We generated HCT116 cells with stable knockdown of CPNE7 via lentiviral infection (Figure 5A). Consistent with the results of transient knockdown experiments, in CPNE7-knockdown HCT116 cells, the protein expression levels of both ATG9B and LC3-I/II were significantly decreased, while p62 expression was upregulated (Figure 5B left). The mRNA expression of ATG9B and CPNE7 was significantly downregulated in the CPNE7-knockdown HCT116 cells (Figure 5B right). The proliferation rate of the cells was markedly attenuated, and the apoptosis rate was markedly increased (Figure 5C, D). However, whether CPNE7 knockdown plays an important role in the autophagy pathway and whether it can attenuate the rapamycin-induced autophagy pathway are unknown. Our results suggested that the autophagy pathway was activated by the addition of rapamycin, as indicated by an increase in LC3 and a decrease in P62. However, knockdown of CPNE7 attenuated the rapamycin-induced increase in autophagy (Figure 6A). In addition, the TEM results suggested that the number of autophagosomes was significantly lower in the CPNE7 knockdown group than in the control group (Figure 6B). Thus, our study demonstrated that CPNE7 could be an important target for attenuating or even reversing the autophagic pathway.

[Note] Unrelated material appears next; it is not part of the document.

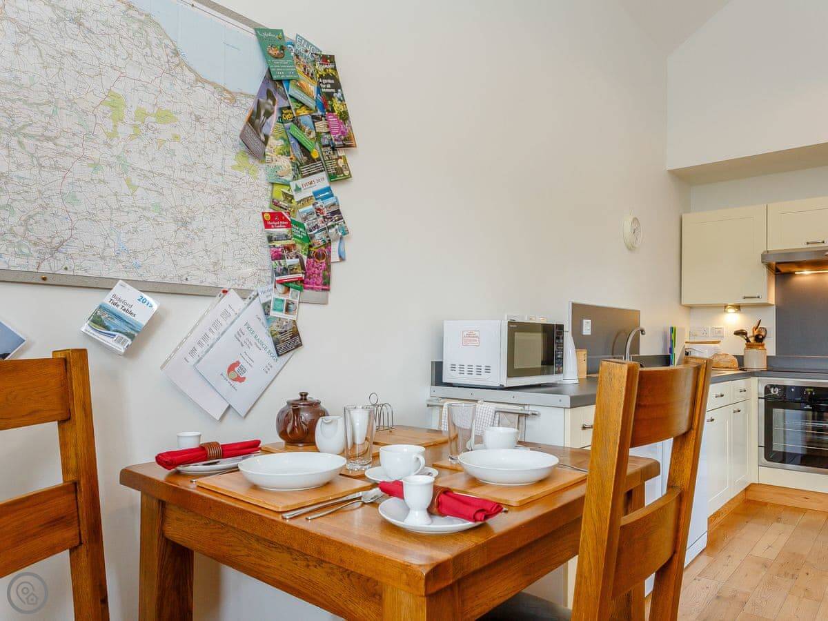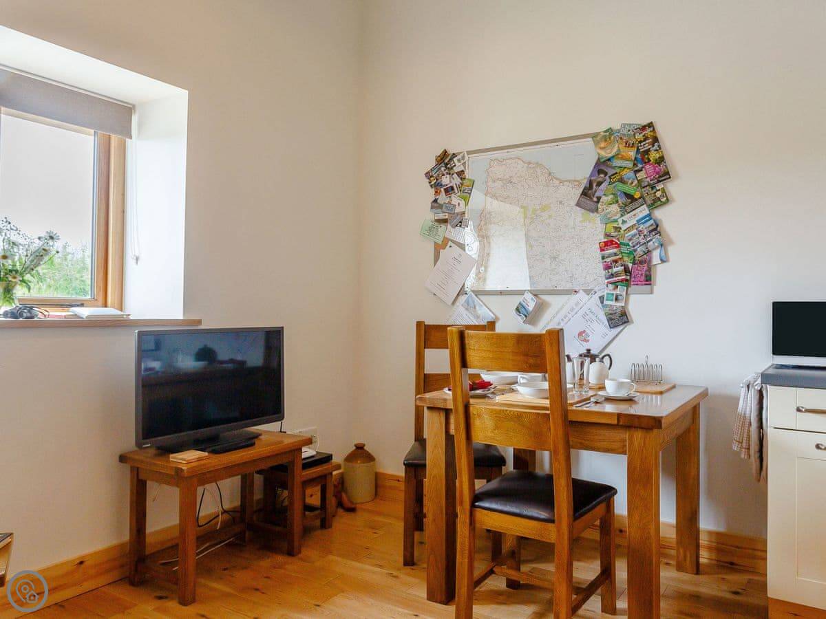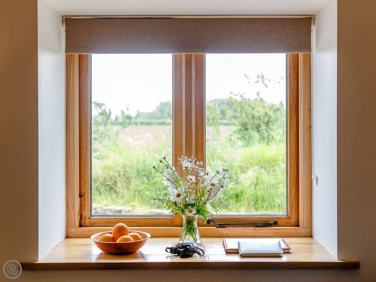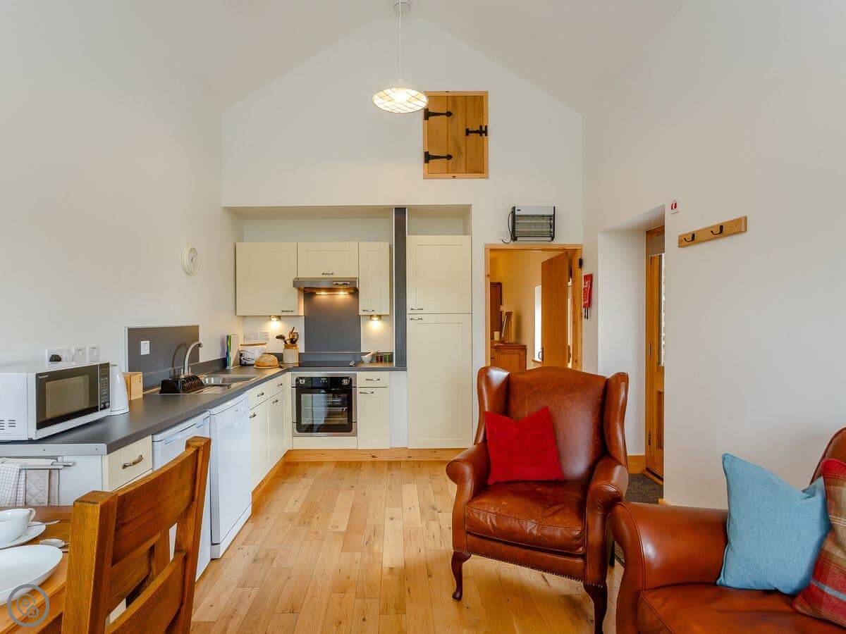The barn has high ceilings and oak floors. It's open plan downstairs. There's a patio area outside your door that's just for you, with a table and chairs. You share a bigger garden area with the other barns, which has a barbecue and a herb garden. There's a large meadow too, which is good for letting dogs run.

3.5 Knockdown of CPNE7 suppresses subcutaneous tumour growth and 5-fluorouracil resistance in vivo

In addition, knockdown of CPNE7 significantly inhibited cell proliferation in BALB/c nude mice and enhanced sensitivity to 5-fluorouracil treatment, as indicated by both tumour volume and weight (Figure 7A, B). Furthermore, we performed HE staining and immunohistochemistry (IHC) on tissues from the different groups of subcutaneously transplanted tumours. The results showed that the most significant decreases in ATG9B and Ki67 expression occurred in CPNE7 knockdown cells treated with 5-fluorouracil, which indicated that CPNE7 depletion could enhance the sensitivity of cells to 5-fluorouracil (Figure 7C).

4.1 Limitations

The samples were obtained from patients in the North China region, and our research was a single-centre study. In the future, we will expand the sample size and conduct multicentre studies in multiple regions to further clarify the potential of CPNE7 as a biomarker. Moreover, we validated the potential of CPNE7 as a biomarker and therapeutic target, but our study lacked relevant research on the specificity and sensitivity of CPNE7 as a diagnostic marker. In the future, we will collect patient blood and extract the CPNE7 protein or RNA to verify the specificity and sensitivity of using the CPNE7 as a diagnostic marker. In addition, this study did not address the potential heterogeneity of CRC, which may affect the applicability of the CPNE7 signature in different patient subgroups and represents a direction for future research.

Briefly, we demonstrated that CPNE7/ATG9B affects autophagy in CRC cells and thus affects chemotherapeutic resistance. We first investigated the effect of CPNE7 on the expression of ATG9B, which is an autophagy-related gene that can affect chemotherapeutic resistance. Here, CPNE7 silencing suppressed ATG9B expression and enhanced chemosensitivity. The CPNE7-induced decrease of ATG9B expression provided us with a strategy for enhancing chemosensitivity. Moreover, CPNE7 silencing inhibited the proliferation and autophagy of CRC cells, indicating the potential of CPNE7 as a therapeutic target. This study provides a therapeutic strategy for patients with high expression of CPNE7 and ATG9B and lays a theoretical foundation for the development and clinical application of antitumour drugs.